The Department of Labor has submitted to the White House Office of Management and Budget (OMB) a proposed rule enacting President Obama’s July 2014 Fair Pay and Safe Workplaces Executive Order (E.O.), provisions in which can bar participation in federal projects if contractors or their subcontractors have violated labor laws in the past three years.
Contractors or subcontractors bidding on projects exceeding $500,000 must disclose any labor law violations committed within the past three years, and certify that their major subcontractors meet the E.O.’s new “responsibility standards,” according to labor management counsel Littler Mendelson P.C. Federal agency contracting officers will determine whether the contractor is a “responsible” entity with a satisfactory record of “integrity and business ethics,” and therefore eligible to bid. Critics of the White House action note that contractors may be blacklisted a) based on alleged labor law violations that are later found to lack merit, or b) if they fail to disclose even inadvertent and technical violations.
The E.O. requires each federal agency to designate a senior official to serve as a labor compliance advisor who, with significant discretionary powers, will provide guidance on whether a contract bidder’s mandatory disclosures indicate it is an entity that lacks integrity or business ethics. In advance of the proposed rule’s publication, OMB officials issued a memorandum to federal agency heads outlining the responsibilities, skills, and knowledge the future labor compliance advisors should have. The proposed rule supporting the Fair Pay and Safe Workplaces Executive Order is set for publication in the Federal Register, triggering a 45-day public comment period.
“This order dramatically changes the enforcement mechanisms carefully put in place by Congress and needlessly adds uncertainty, subjectivity and onerous and costly new data collection and reporting requirements for federal contractors,” Associated Builders & Contractors Vice President of Government Affairs Geoff Burr noted in late 2014, as ABC joined a coalition of business groups imploring the White House to withdraw the E.O. “While the Obama administration seeks to add these compliance burdens to federal contractors, it is seemingly ignoring the fact that its own Department of Labor and other federal agencies have violated these same complex and frequently changing federal labor laws.”
“Given its highly subjective enforcement requirements, the Executive Order will inevitably lead to delays in award evaluations, limitations on competition, and a greater number of contract award protests,” a coalition letter to the Department of Labor and White House staff states. “Coupled with the other [orders] targeting federal contractors, the recordkeeping and reporting requirements in this E.O. significantly increase the cost and administrative burden of contracting with the federal government. Ultimately, this will result in fewer companies and organizations that are willing or able to compete for federal contracts. These results directly conflict with the administration’s stated goals of increasing competition, driving efficiencies and savings, reducing barriers to entry for small and innovative employers, and improving the federal acquisition ecosystem in general.”

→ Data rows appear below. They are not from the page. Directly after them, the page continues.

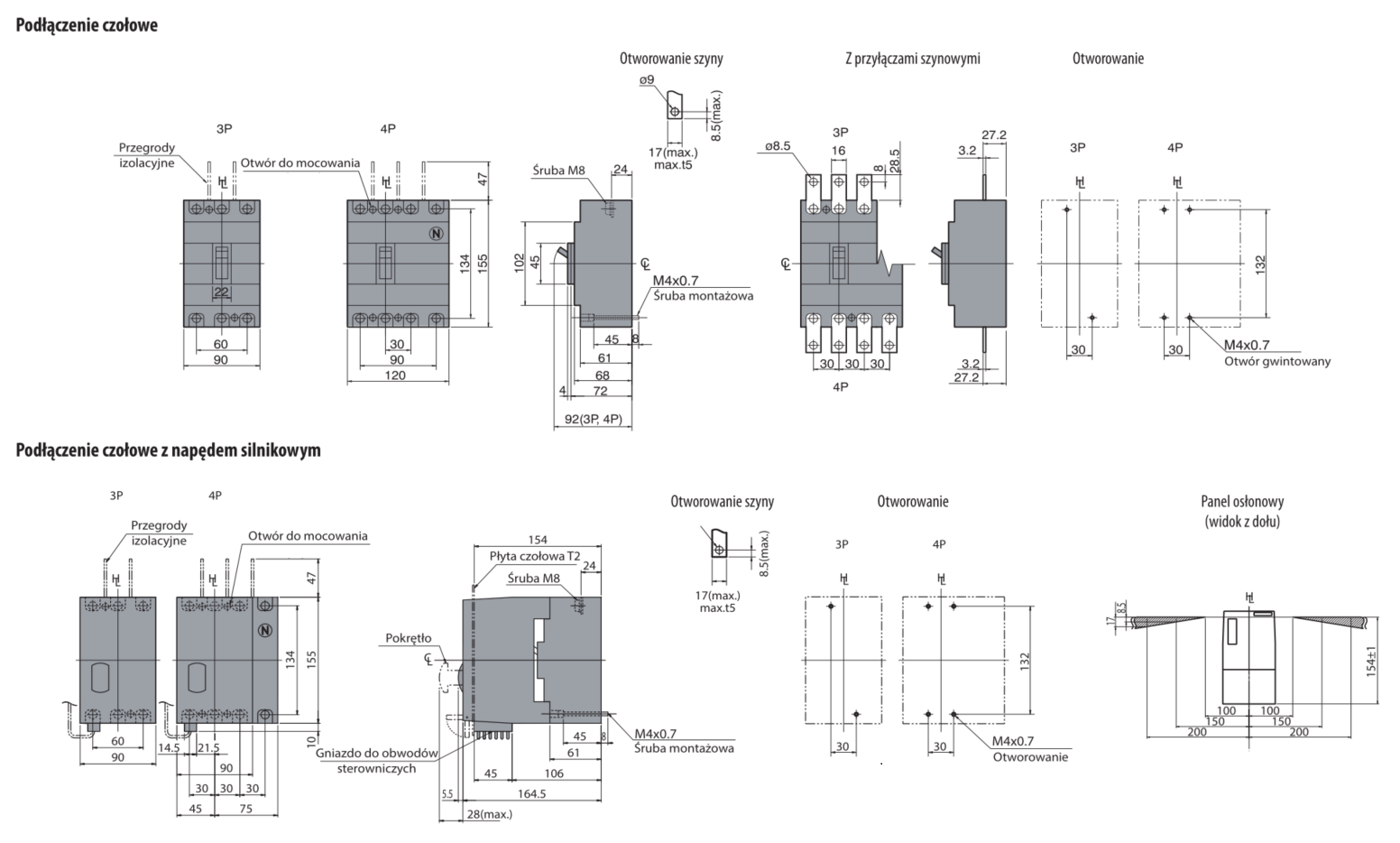 Wersja wykonania danego kompaktowego wyłącznika mocy: trój- i czterobiegunowe.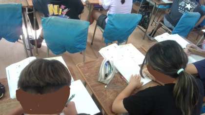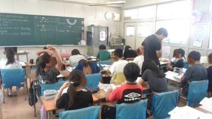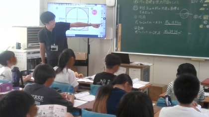 算数の学習です。面積の学習です。四角形の中に円が入った図形で円以外のところの面積を求めるような円の面積を応用して解いていく問題に取り組んでいました。
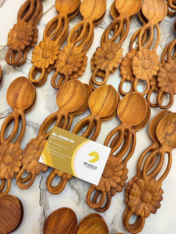 Premium Red Wood Spoon With Three Leaf Handle Natural Wooden Spoon Wooden Coffee Scoop Tea Coffee Scoop Custom Logo Vietnam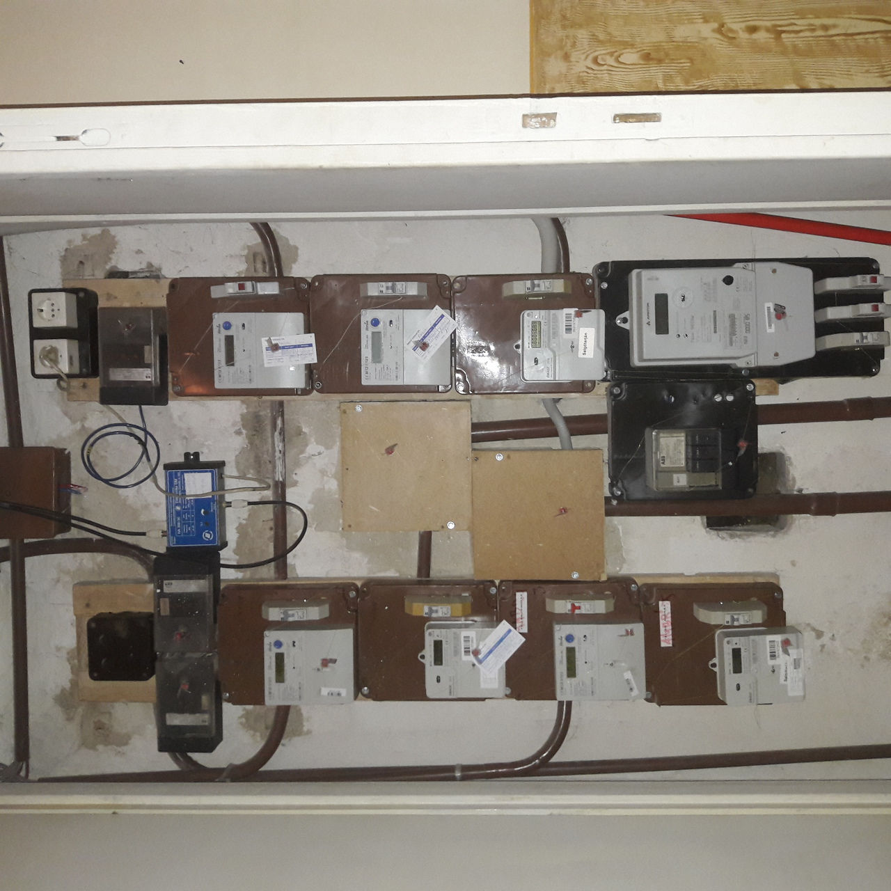 Én is laktam társasházban, az valamikor a 60-as években készült. Ott is csak a fázis és a nulla volt a bejövőnél, helyileg nem volt védőföld. Van egy belvárosi szintén régi építésű házban lakásom, ott sincs csak egy kék és egy fekete, pedig az már egy részleges felújításon is átesett. Ezeket a házakat akkoriban talán még társadalmi munkában is építették (tanulók, rendvédelmisek meg éppen aki arra járt), azon sem kell csodálkozni ha a kábel 45 fokban keresztben megy a falban. Mivel sok helyen olyan a lakás elrendezése hogy máshol nem lehet, a bejárati ajtó és az ablak felett a mennyezetben vitték át a falkábelt, plusz 1 centi vastag vakolatot ráhúzva.

“The president does not have the legal authority to make the regulatory changes that will follow from this E.O.,” the coalition contends. “By directing the Department of Labor to develop guidance that will establish degrees of violations not included in the underlying statutes, the E.O. significantly amends the enforcement mechanisms Congress established for these laws. Simply put, the president is not authorized to change enforcement mechanisms in a statute without specific Congressional approval.”